In accordance with an embodiment of the present invention, a removable coating 30 (e.g. FIG. 2) is provided across the wall 36 of the well bore 14 at the fracture section 26. As used herein the term “coating” and variations thereof means one or more at least substantially fluidly impermeable layer, skin, filter-cake, sheathe, or the like provided on the exposed surface of the subterranean formation that forms the wall of the well bore. The coating may have any suitable composition, thickness, coverage across the well bore wall and other properties, as long as it is (i) removable and (ii) sufficient to prevent failure or fracturing of the formation along the coated section of the wall due to fluid pressure that may be applied in the well to fracture the formation from an adjacent non-coated location in the well bore. Such a coating may sometimes be referred to herein as being “substantially impermeable” and provided across “substantially the entire surface” of the wall of the fracture section of the well bore. In some instances, the coating is substantially impermeable, strong and coherent, essentially eliminates the effects of linear poroelasticity on the formation under the coating regardless of the nature or type of hydrocarbons produced therefrom and in a wide range of temperatures, may be easily and quickly removed, may be 100% soluble or a combination thereof.

Referring to FIG. 2, in the present embodiment, the coating 30 is sufficiently thin so that it does not fill, block or substantially narrow the well bore 14. For example, the coating 30 may be thin enough not to block or hinder the passage through the well bore 14 of a coiled tubing, jointed pipe string and/or other equipment used in well completion. Such a coating 30 may sometimes be referred to herein as a “substantially thin” coating. In some applications of this embodiment, the coating 30 may have a thickness of less than one millimeter (1 mm). However, in other applications, the coating 30 may have a thickness greater than 1 mm.

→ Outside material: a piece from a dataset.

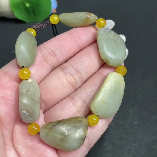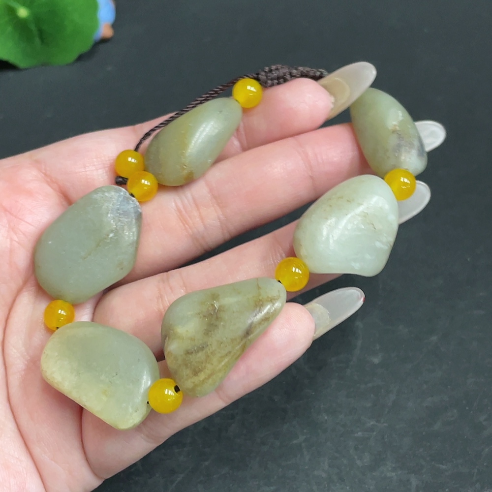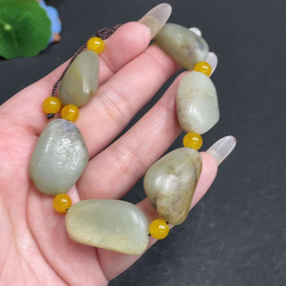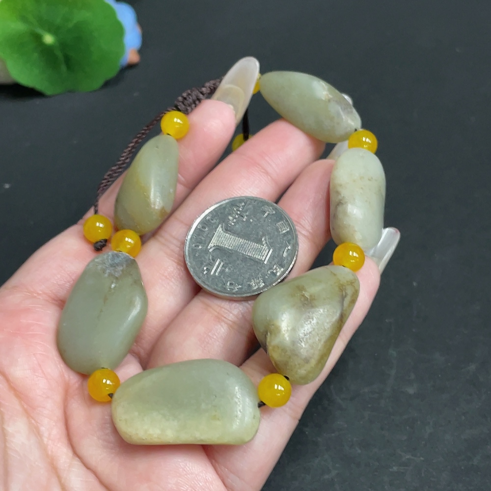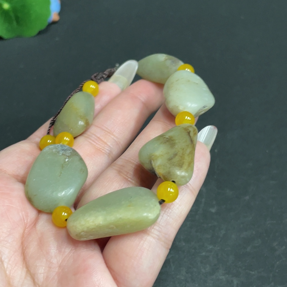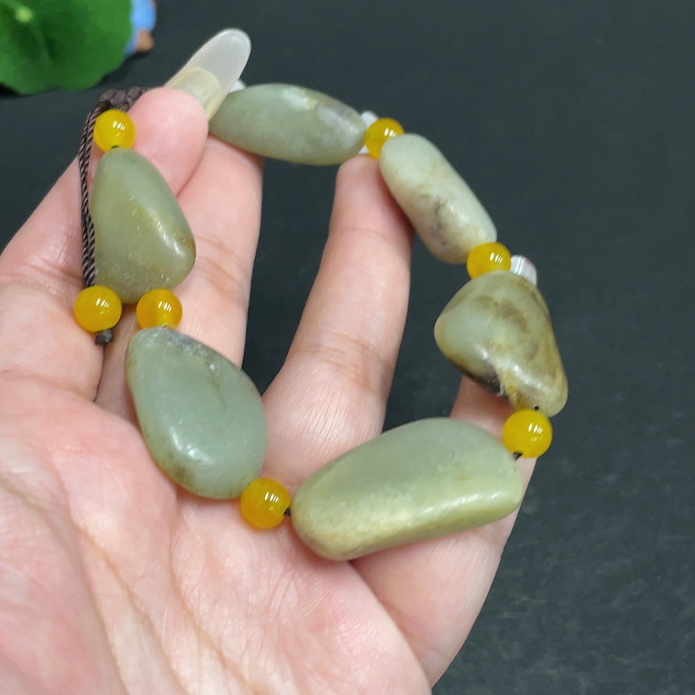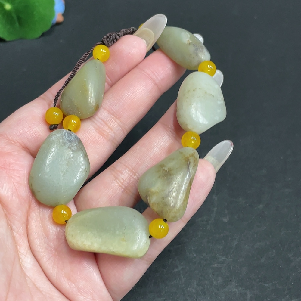 Hetian Jade Bracelet, Undetermined Skin Color Origin, Non-Hetian Jade Beads, Total Weight Approximately 47.5g

As indicated above, the coating 30 may include any suitable components. For example, the coating 30 may include particulate resin, cement, wax, gilsonite, or other acid or oil soluble materials. Various materials that may be suitable for use as the coating 30, depending upon the particular application, may be found in U.S. Pat. No. 6,367,548 to Purvis et al, issued on Apr. 9, 2002 and owned by the present assignee, as well as patents incorporated by reference therein, including U.S. Pat. No. 2,803,306 issued in August 1957 to Hower, the entire specifications of which are all hereby incorporated herein by reference in their entireties.

Still referring to FIG. 2, one particular example coating 30 includes an acid-soluble material that may be delivered in one or more fluid. Such a mixture including acid-soluble material and fluid is sometimes referred to herein as the dispersion 40. In the present embodiment, a small quantity of fine or microfine acid-soluble cement, such as presently available MagneBlock™ cement base material commercially sold by the current assignee hereof, BJ Services Company, is mixed into water to form a dilute cement-based dispersion 40. The particle size of the exemplary cement is small enough to remain suspended in the water so it does not completely harden or set-up in the well bore 14 during use, but is still capable of settling against the well bore wall 36 to form the coating 30 thereon. One or more suitable chemical additives may be included in the dispersion 40 to assist in keeping the cement particles suspended or for any other desired purpose.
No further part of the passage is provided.